Leadership Test Do we understand the value proposition of leadership? What’s the core purpose of leadership?
If I collected a dollar from every design team that complained that their new design was meaningless without renewed, enlightened leadership, I would be a rich woman. The principle behind the leadership test is that leaders carry the performance spirit of the organization – they direct the focus of people’s work, enable the development of capabilities and access to resources, and influence how work is accomplished through the sanctioning of formal and use of informal processes, protocols and norms. Therefore, no design work is complete until the roles, competencies, and expectations of leaders are defined, enabled, and supported.
To employ the leadership test ask:
- Do we have a common understanding of the role of leaders?
- Are our leaders, guided by a core platform of values, mindsets and skills?
- Does our platform enable alignment, learning, capacity building, etc.?
- Do we have mechanisms in place to enable leaders to learn and work together?
Feasibility Test: Do we understand the constraints bounding our design?

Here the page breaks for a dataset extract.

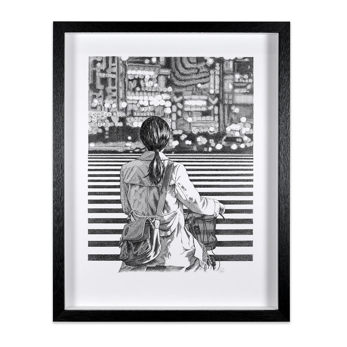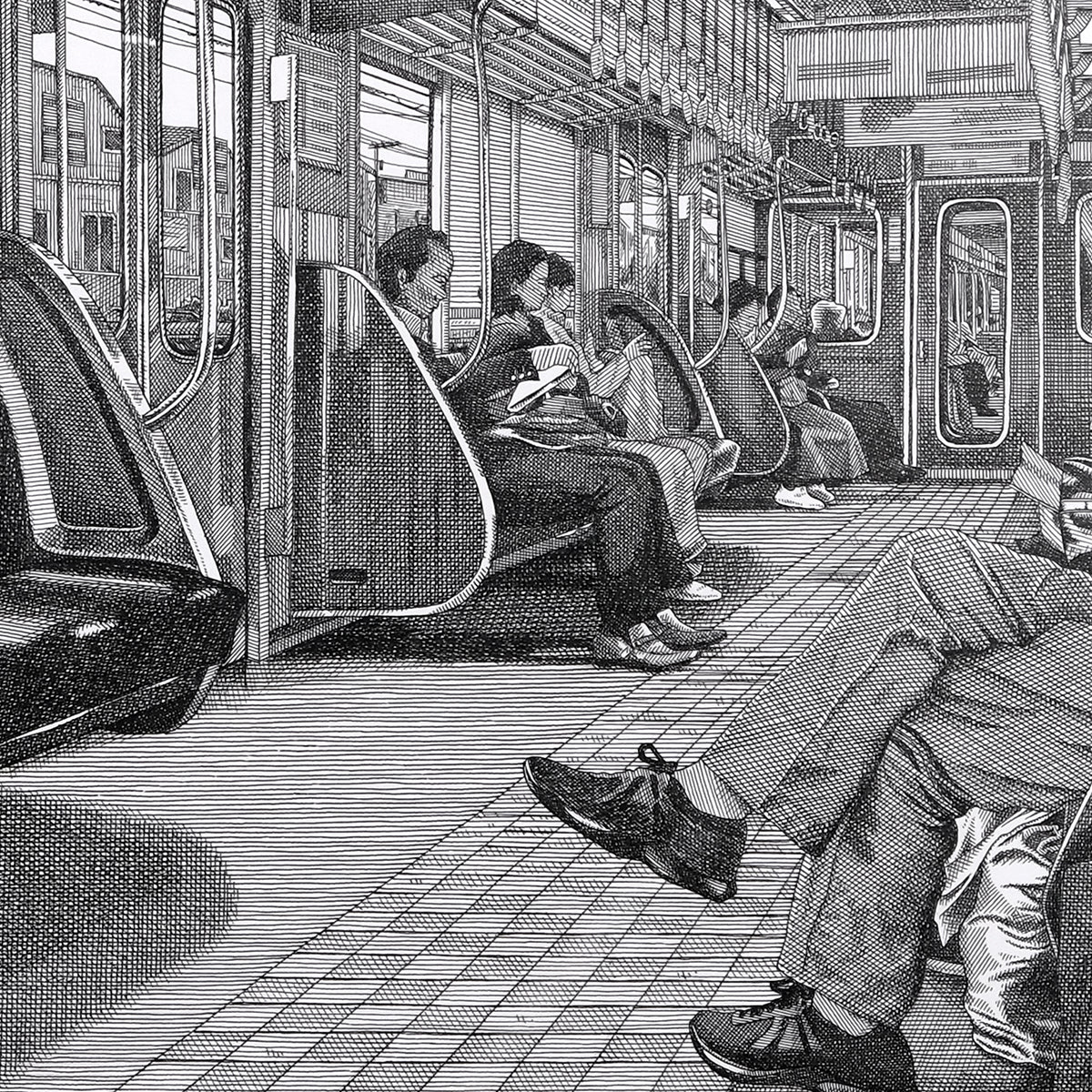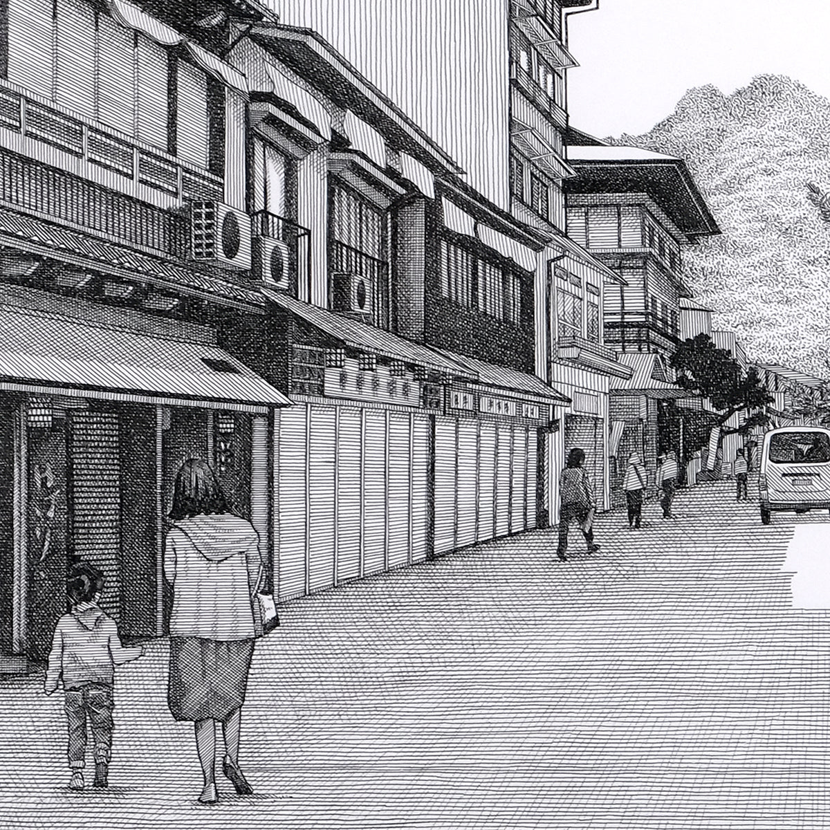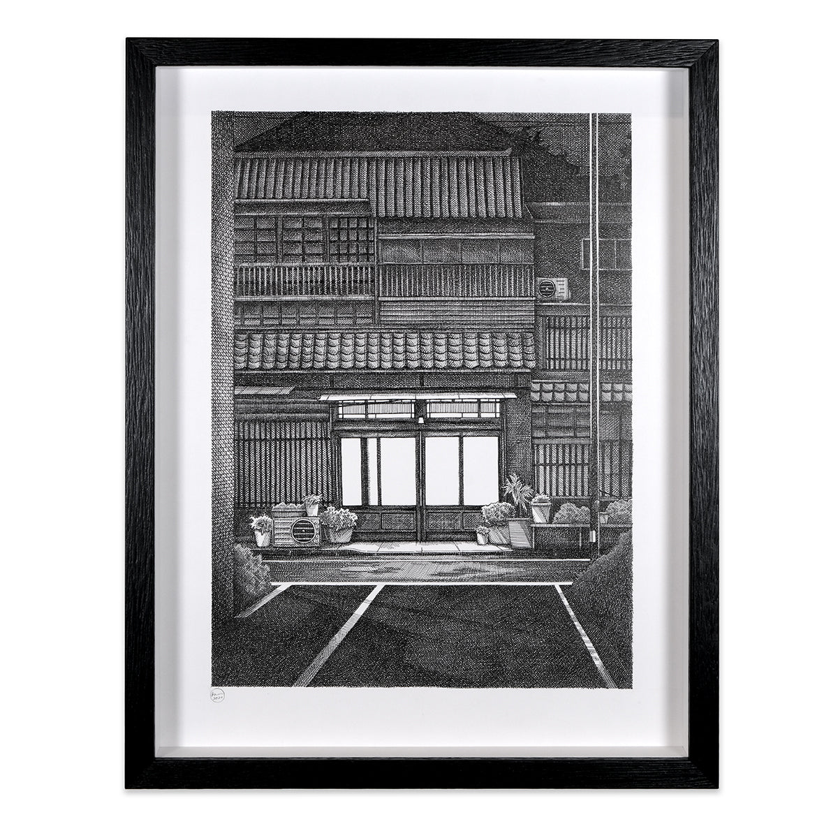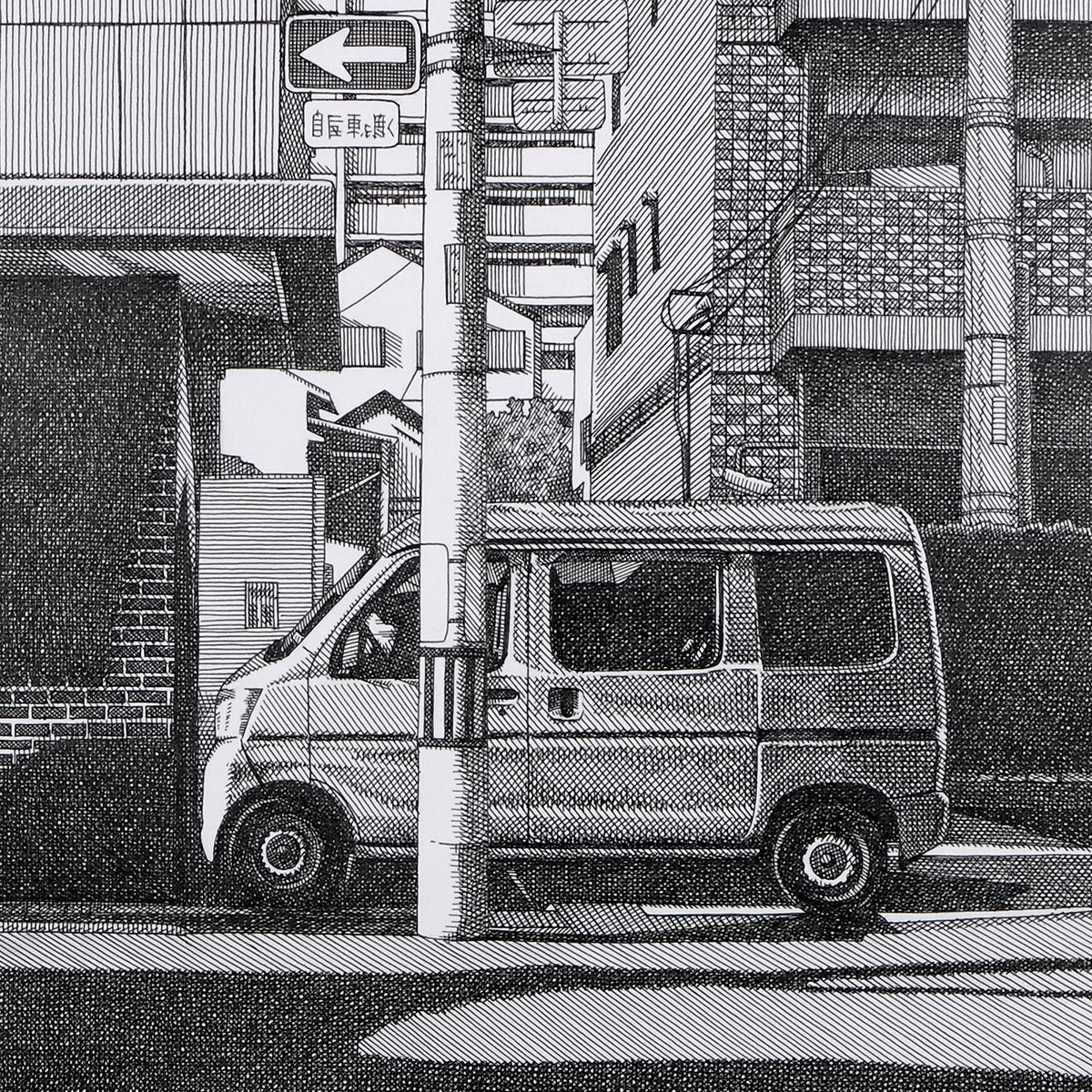 At the end of May, 2019, Bren travelled to Japan with his partner Kelly for a short holiday, blissfully unaware of the challenges the world would soon face with the onset of the COVID-19 virus. Shortly after they arrived back in Australia Bren began working on the series of drawings which referenced from photos they took during their time in Tokyo, Osaka, Kyoto, Miyajima and Hiroshima. The 20+ drawings exhibited explore and depict a series of memories from the trip with an eye on the concept of Ma – the significance of negative space or 'the space between' in traditional Japanese arts and culture. The philosophy has been described as a pause in time, an interval or emptiness in space. As Bren progressed working, this concept of The Space Between took on new meaning in terms of COVID-19 and the new era of social distancing and travel restrictions – and some of the later drawings focus on this.

The feasibility test is a reality check. In every organization’s environment, constraints exist. They may be external, such as access to talent or governing legislation, or internal such as culture, technology gaps, or limited financial resources. For the design to be workable, the constraints must be surfaced and mitigated. Otherwise, the constraints will eventually become roadblocks.
To employ the feasibility test ask:
- What are the firm boundaries in which we must operate?
- Are we operating within these defined parameters?
- How might we mitigate against these boundaries?
- Are there any roadblocks?
Summary
When it comes to designing organizations, there is no single design solution that will optimize all elements. Moreover, changes adopted in one part of your organization will necessarily impact other parts of your organization. To expand your view of the strengths, weakness, and opportunities inherent in your organizational design, employ the good design tests: Fit for Strategy, Flexibility, Capabilities and Resources, Relationships, Accountability, People, Leadership, and Feasibility. The conversations that result from execution of these design tests will subsequently enable your team to have a whole-systems, holistic perspective of your design. The result? You will be better equipped to make realistic and useful organizational design choices.
References
Burns, Tom and G.M. Stalker. The Management of Innovations, United Kingdom: Tavistock Publications, 1964.
Galbraith, Jay. Organizational Design, Massachusetts: Addison Wesley, 1977.
Galbraith, Jay. “Organizing to Deliver Solution”, Organizational Dynamics 31, no 2 (2002):194-207.
Gould, Michael and Andrew Campbell. Designing Effective Organizations:How to Create Structured Networks, SanFrancisco: John Wiley and Sons, 2002.
Hamel, Gary and Bill Breen. The Future of Management, US: Harvard Business School Press, 2007.
Lars, Kolind. The Second Cycle: Winning the War Against Bureaucracy, New Jersey: Wharton School Publishing, 2006.
Mintzberg, Henry. “Organizational Design: Fit or Fashion?” Harvard Business Review 59, no. 1 (1981): 103-116.
Morgan, Gareth. Creative Organization Theory, California: Sage, 1989.
Nadler, David and Micheal Tushman. Competing by Design: The Power of Organizational Architecture, USA: Oxford University Press, 1997.